▶ **Exercise directions**: Reproduce exactly the lines below, from the first one through the line containing "毕浚皓同学表示,作为一名文化", and omit any pictures.

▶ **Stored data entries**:
Start of Block

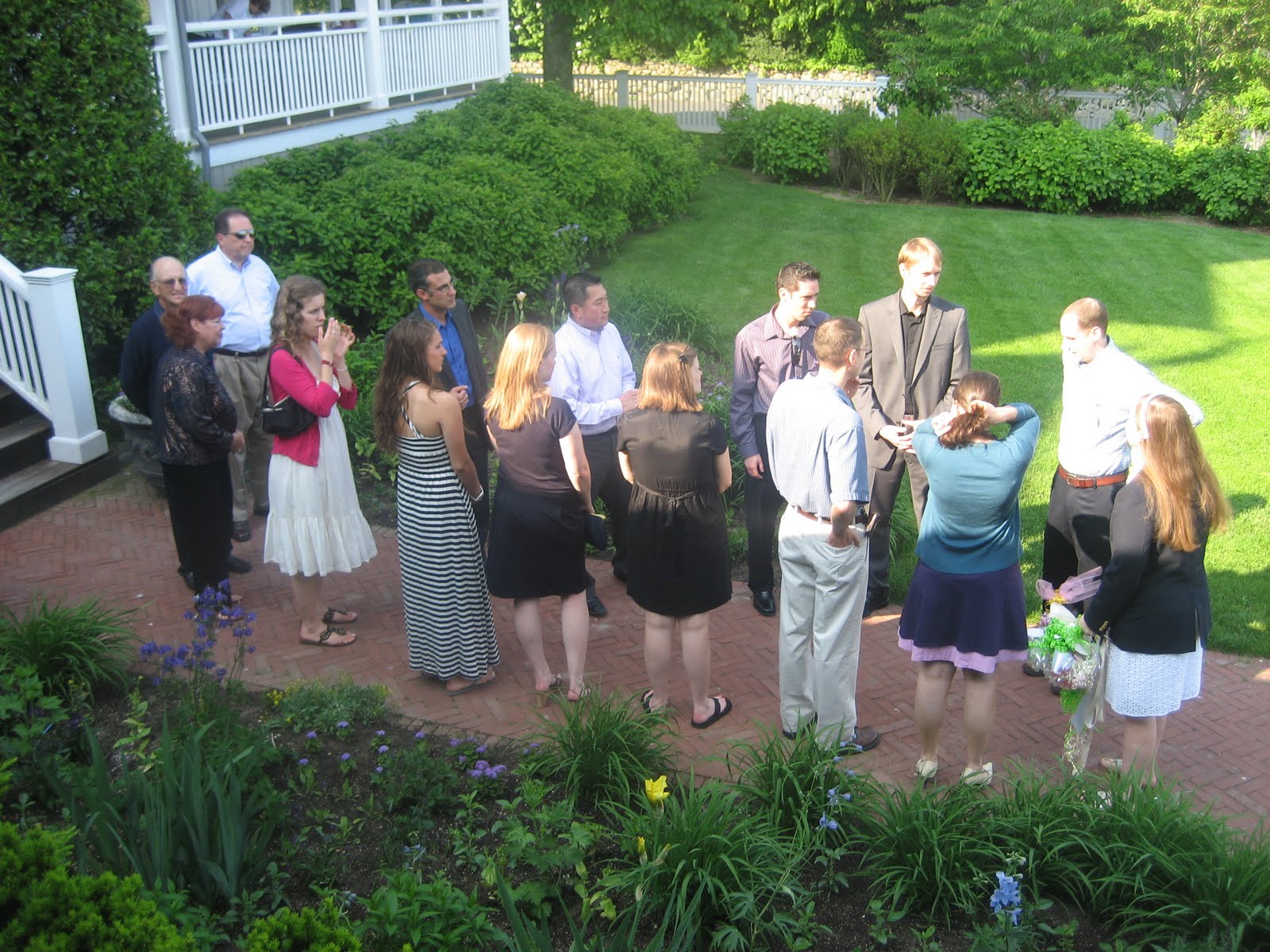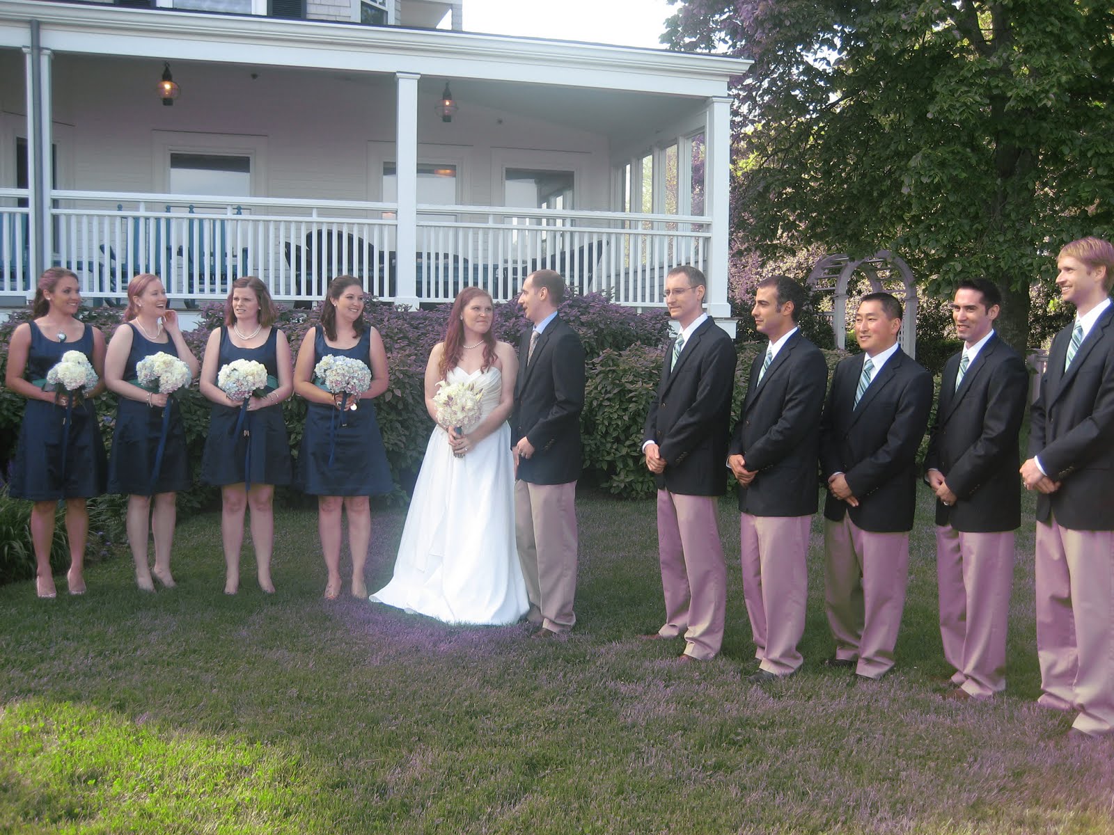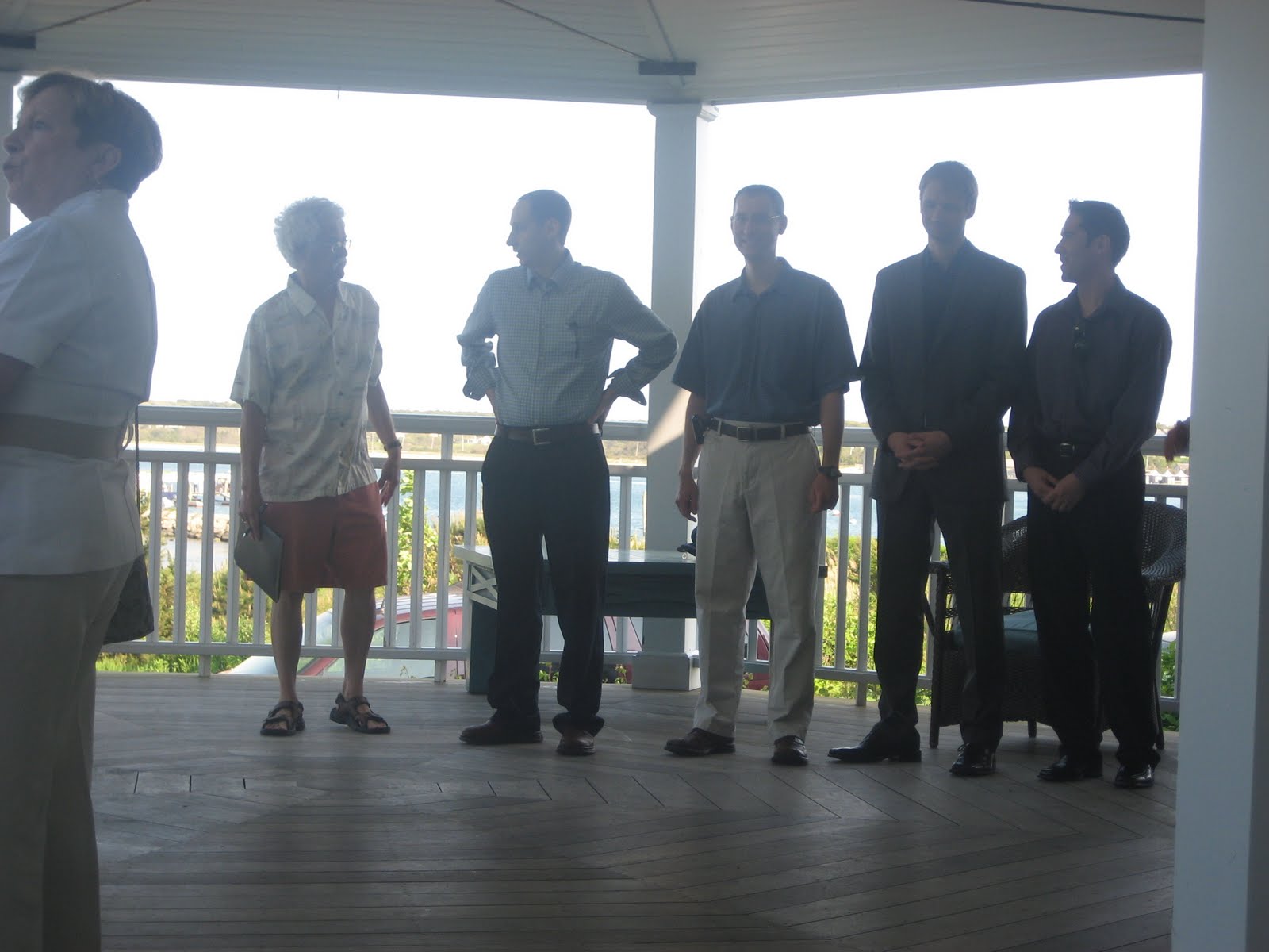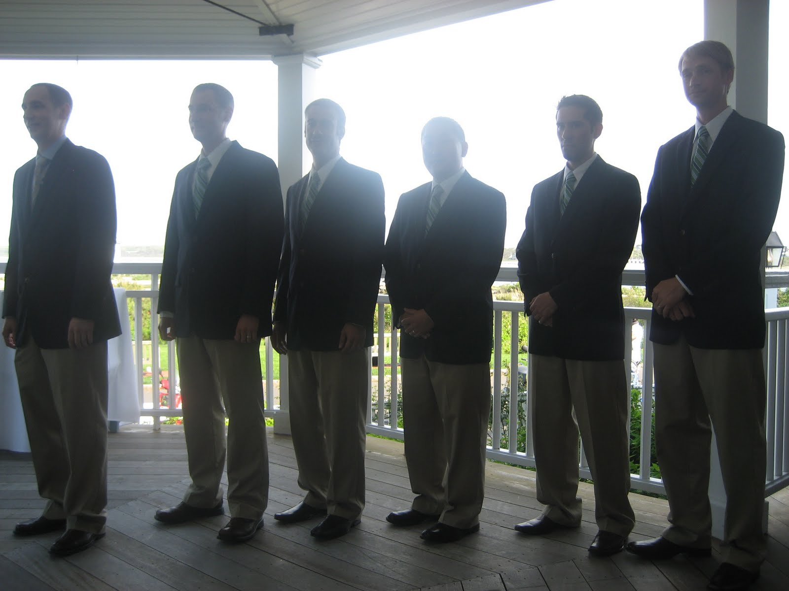 This is at the rehearsal the day before the wedding. The officiant is on the left talking to my brother in law Glenn, who was the groom. My husband David is next followed by two of the groomsmen, Jason and Gary.
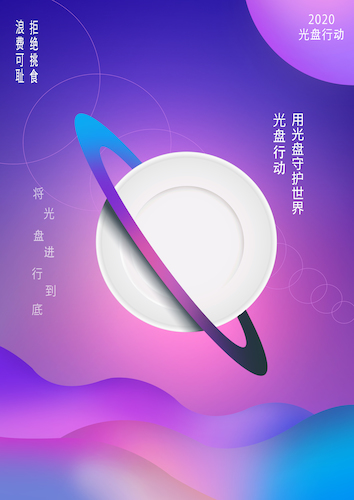 毕浚皓同学表示,作为一名文化创意学院的学生,我希望能通过自己的专业知识为光盘行动的宣传出一份力。我通过光盘的圆形联想到行星,将光盘作为主体放入行星的光环中。体现了用光盘行动来守护地球的意图。希望通过这张海报能提醒到大家粮食也是这个星球的重要资源,通过光盘行动来保护资源就是保护地球。用海报的形式揭示了光盘行动背后所具有的更加深远的意义。
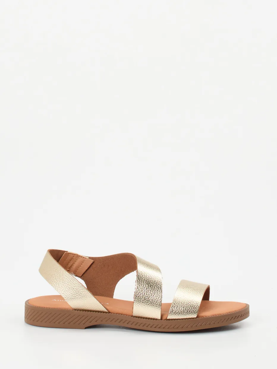Die elegante Riemchensandale kombiniert glänzendes Metallicleder mit einem elastischen Fersenriemen und sorgt so für sommerlichen Komfort mit modischer Leichtigkeit.
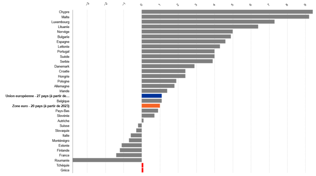 Comme le montre le tableau, les disparités sont importantes au sein de l’UE sur l’évolution des ventes de détail sur un an, mais en revanche, la France est pratiquement la lanterne rouge avec une baisse de 1,4%, selon les chiffres d’Eurostat.
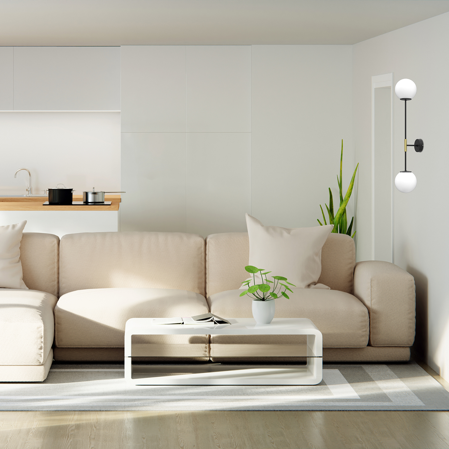 Geometryczna i smukła forma podkreśla nowoczesny charakter lampy, a beżowo-złota kolorystyka nadaje wnętrzu subtelnego luksusu.
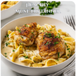 One-Pan Chicken with Buttered Noodles is proof that simple ingredients, treated with care, can become something deeply satisfying. The golden chicken, the buttery noodles, the whisper of garlic it all comes together in one humble pan.
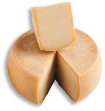 La forma e’ cilindrica a facce piane o lievemente concave, la crosta e’ di colore giallo ambrato tendente al marrone con l’avanzare della stagionatura, la pasta e’ bianca tendente al paglierino, la consistenza e’ compatta.
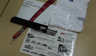 WECを戦う、アウディ「R18」のステッカー、扇子、Tシャツ(XLサイズ)、ネックストラップ、そして卓上カレンダーをセットにして、1名様にプレゼントいたします。
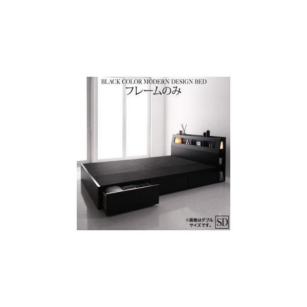 kag-54215 セミダブルベッド 一人暮らし SD フレームのみ チェスト ベッド下 収納 引き出し 大容量 宮 棚 携帯 リモコン 照明 読書 ライト 電気 コンセント スマホ 充電 黒
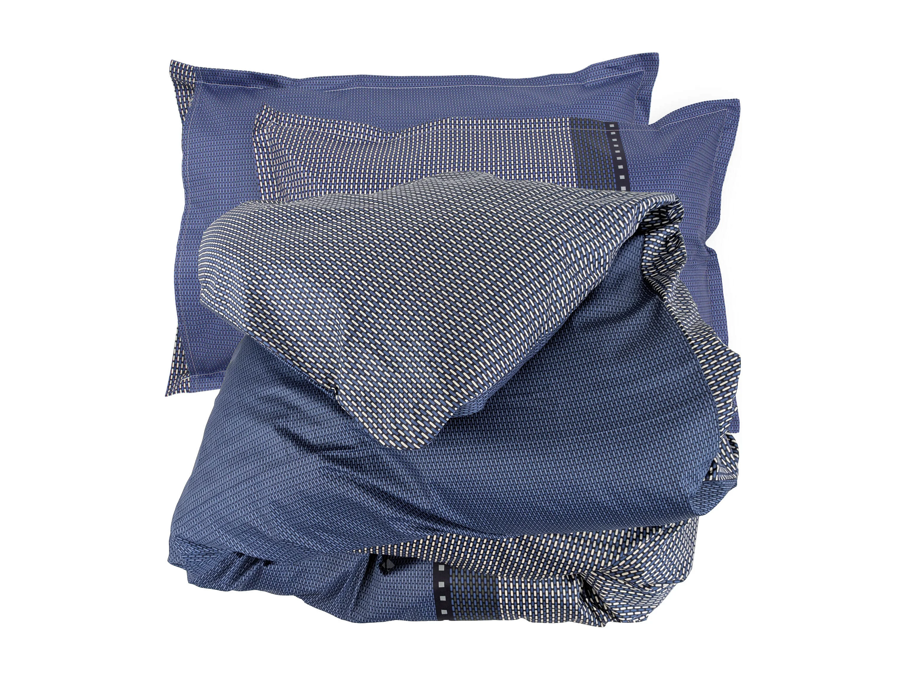 Parure de lit 300x240 cm 50x70 cm en satin de coton ENZO bleu
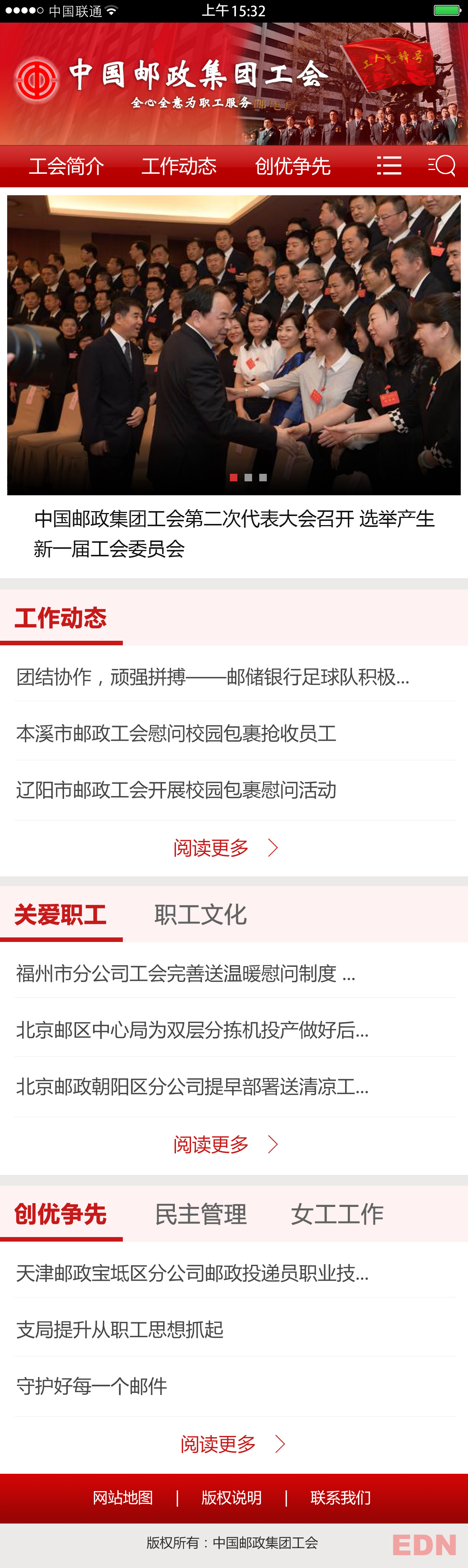 中國郵政工人運(yùn)動(dòng)有著悠久的歷史,中華郵務(wù)總工會(huì)成立于1927年。為適應(yīng)中國郵電體制改革、郵電分營,2000年11月3日,組建國家郵政工會(huì)。2012年3月22日,中國郵政集團(tuán)工會(huì)第一次代表大會(huì)召開,國家郵政工會(huì)正式更名為中國郵政集團(tuán)工會(huì)。
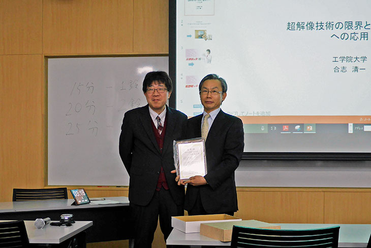 通信方式研究会は、1年に6回開催され、伝送関係の専門家が研究成果を発表する研究会です。通信方式研究会委員長賞は、1年間に行われた研究発表の中で最も優れた発表1件だけに授与される賞です。今回の受賞は富士通(株)との共同研究で実用化した超解像機能搭載スマートフォンの研究に対して授与されました。
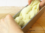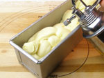 10.綺麗に編み込んだ生地を両手で持ち上げて型にそっとおきましょう。これで成型が終わりました。霧をふき大きめなビニール袋にすっぽりと入れて第二醗酵をします。29度で約60分の醗酵です。
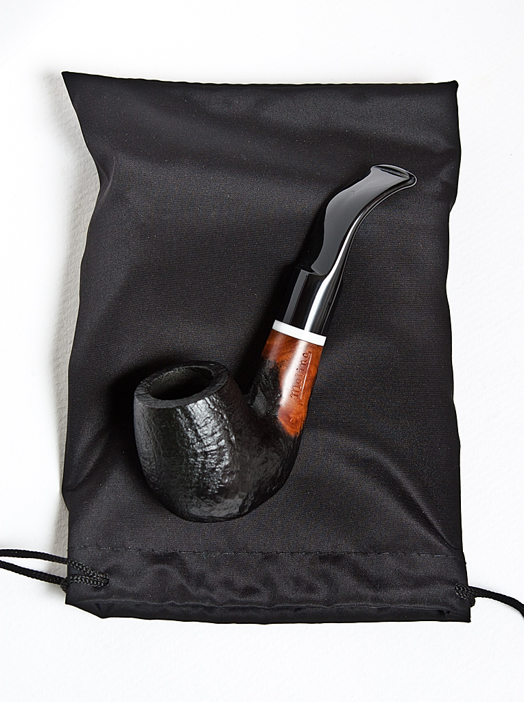 I waited until I got home to open the package. Inside, was a black satin pouch containing a lovely full bent billiard with a rusticated bowl and white band. The shank was stamped Molina, Made In Italy. My friend (or more accurately, her husband) had picked up the pipe in a shop in Italy, but had waited until arriving in Germany to ship it. (A wise, choice, as I have no doubt the German post office is more efficient than the Italian).
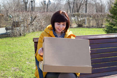 A happy woman with a smile opens a box with a new laptop on the street.
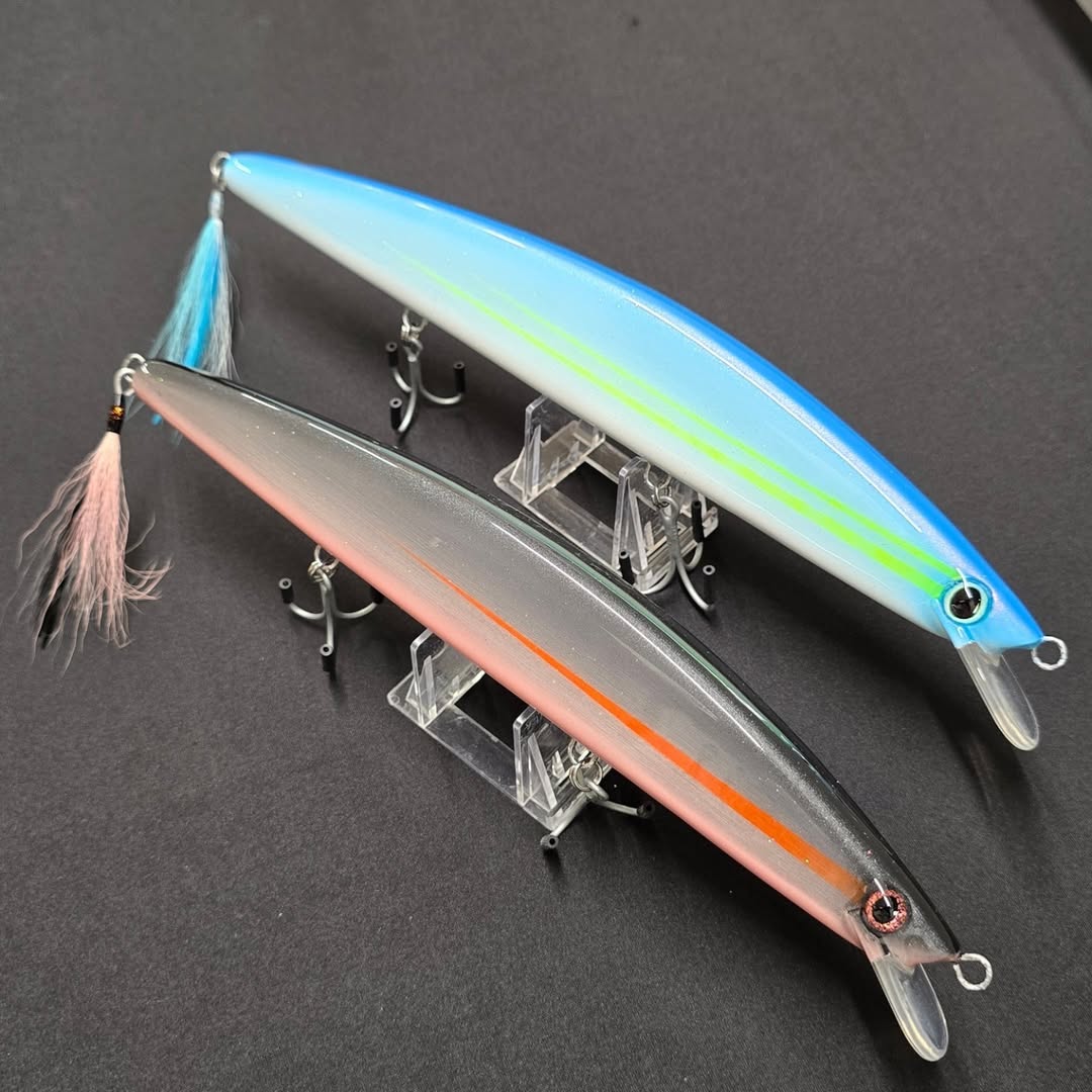 Last spring, he made a couple XXL minnow for Vinny Cebara, incuding a 14-inch and a 16-inch, but does not offer these for sale.

End of Block

▶ **Answer box**:
 This is at the rehearsal the day before the wedding. The officiant is on the left talking to my brother in law Glenn, who was the groom. My husband David is next followed by two of the groomsmen, Jason and Gary.
 毕浚皓同学表示,作为一名文化创意学院的学生,我希望能通过自己的专业知识为光盘行动的宣传出一份力。我通过光盘的圆形联想到行星,将光盘作为主体放入行星的光环中。体现了用光盘行动来守护地球的意图。希望通过这张海报能提醒到大家粮食也是这个星球的重要资源,通过光盘行动来保护资源就是保护地球。用海报的形式揭示了光盘行动背后所具有的更加深远的意义。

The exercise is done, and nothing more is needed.